Your plastic knob may be faulty and not turning the shaft to close the fuel valve, leaving it in the open position all the time. Try pulling the knob straight out from the surround below the actual tank. Once the knob is off you can turn the actual shaft that opens/closes the valve. If that works then you can examine the knob for a problem.

On my machine the fuel shut-off works fine in a short time. The valve appears to be permanently attached to the tank, by what I saw looking briefly at a new tank.

Good luck.


----------



## AverageJoe (Feb 19, 2014)

Town said:


> Your plastic knob may be faulty and not turning the shaft to close the fuel valve, leaving it in the open position all the time. Try pulling the knob straight out from the surround below the actual tank. Once the knob is off you can turn the actual shaft that opens/closes the valve. If that works then you can examine the knob for a problem.
> 
> On my machine the fuel shut-off works fine in a short time. The valve appears to be permanently attached to the tank, by what I saw looking briefly at a new tank.
> 
> Good luck.


Excellent idea......i wrote to the Company to see what they might have to say but you might have hit on the problem....will post solution as soon as i have one.....Thanks.


----------



## AverageJoe (Feb 19, 2014)

Spoke with Ariens today and they said it sounds like a leaky valve but they can't say for sure. The ONLY guidance they would supply was to take the machine to a dealer and then they could determine if the valve is defective and whether it's covered under warranty.

The valve has been operated twice but based on my previous experience with the dealer i'm not sure it would be covered? Seems the end user IS the warranty on these machines.....my unit is one year old. I was able to find out that they consider this an LCT issue.....maybe Ariens is only 60% Ariens with other warranties attached to each different component?

Sorry for the rant!


----------



## AverageJoe (Feb 19, 2014)

Also told by the dealer that the red knob can't be pulled off and that it's a one piece unit.....IOW the valve and knob are one and the same. Guess i won't try and remove the knob as then they'll say i broke it and thus not covered???


----------



## RedOctobyr (Mar 2, 2014)

What kind of valve? I'm picturing what I'd call the "typical" black inline or 90-degree shutoff, with a red knob (really a raised molded-in "blade", not a round knob) that rotates a quarter-turn. 

If it's one of those, as compared with the hassle of transporting the machine to the dealer, you could simply replace it for ~$5. 

An example of what I'm picturing: 
http://www.amazon.com/Briggs-Stratton-698181-Shut-Off-Industrial/dp/B0038U3JJI/ref=sr_1_4?ie=UTF8&qid=1425919996&sr=8-4&keywords=fuel+shutoff


----------



## enigma-2 (Feb 11, 2014)

AverageJoe said:


> Spoke with Ariens today and they said it sounds like a leaky valve but they can't say for sure.
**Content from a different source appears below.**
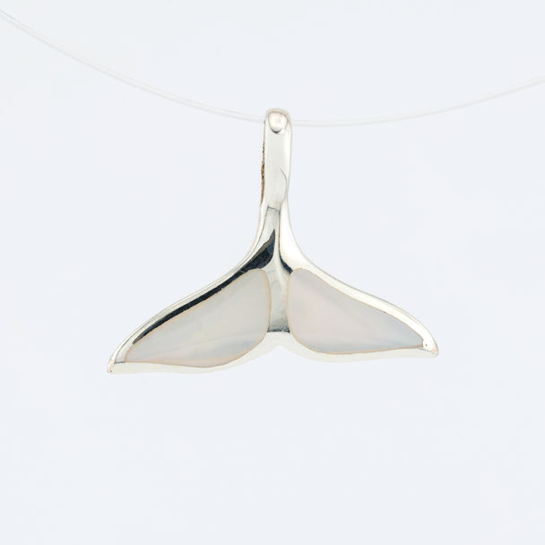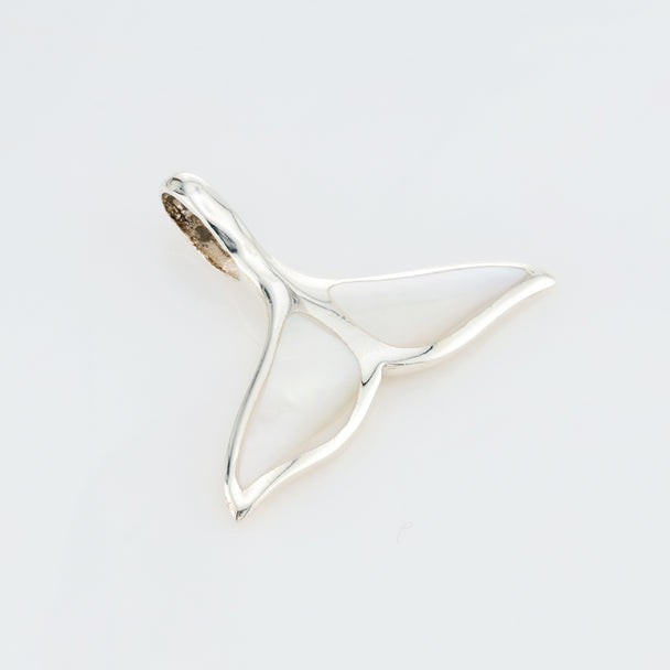Whale Tail Pendant Sterling Silver w/ Mother of Pearl Inlay .925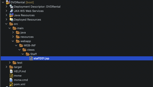 'src/main/webapp/WEB-INF/views/Staff' Directory를 생성한다. 그 안에 'staff201.jsp' 라는 이름으로 JSP File을 생성한다. 이 Project에서 사용되는 view file의 Naming Rule을 정하고 가겠다. 즉, 'staff201.jsp' File은 Staff Table에 대한 Select View 화면이 되는 것이다. 실제는 Select 하기 위한 요청화면이 201이지만 DB의 정보를 정상적으로 가져오는지 테스트하기 위함이니 201을 사용하도록 하겠다.

The ONLY guidance they would supply was to take the machine to a dealer and then they could determine if the valve is defective and whether it's covered under warranty.
> 
> The valve has been operated twice but based on my previous experience with the dealer i'm not sure it would be covered? Seems the end user IS the warranty on these machines.....my unit is one year old. I was able to find out that they consider this an LCT issue.....maybe Ariens is only 60% Ariens with other warranties attached to each different component?
> Sorry for the rant!


New machines, bought from any authorizied dealer are warranted for 3 years. I believe what they were saying was, "IF" the valve is defective, it will be replaced under warranty.


----------



## Town (Jan 31, 2015)

AverageJoe said:


> Also told by the dealer that the red knob can't be pulled off and that it's a one piece unit.....IOW the valve and knob are one and the same. Guess i won't try and remove the knob as then they'll say i broke it and thus not covered???


I saw the knob in a bag with the fuel tank, separated from the fuel shut off valve so I know they can be separated. I pulled my fuel shut-off knob off and took some pictures. I used a pliers with the knob in the fuel open position for easier access and just pulled. You can see the knob in place, what is behind the knob and what the knob looks like where the knob pushes in.
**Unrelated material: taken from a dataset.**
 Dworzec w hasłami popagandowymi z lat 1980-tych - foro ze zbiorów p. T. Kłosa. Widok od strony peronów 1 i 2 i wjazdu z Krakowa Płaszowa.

Some dealers may not know their products as well as they think. On my machine the knob must be removed to access the tank and fuel shut-off. Probably a good idea to get the dealer to fix the problem though.

Good luck.


----------



## Town (Jan 31, 2015)

RedOctobyr said:


> What kind of valve? I'm picturing what I'd call the "typical" black inline or 90-degree shutoff, with a red knob (really a raised "blade", not a round knob) that rotates a quarter-turn.
> 
> ........


No its not like that old style valve. Ariens uses an all metal fuel shut-off that is attached to the fuel tank at the left rear position (viewed from operator position) and under the tank. The fuel shut-off shaft protrudes through the decorative metal that surrounds the tank below the seam. The round red knob pushes onto the shaft. 

It is a neat set-up since the knob is more readily accessed than the old style one pictured. Less hoses and connections to fail too. Interesting to learn if the fuel shut-off valve can be replaced without replacing the tank.


----------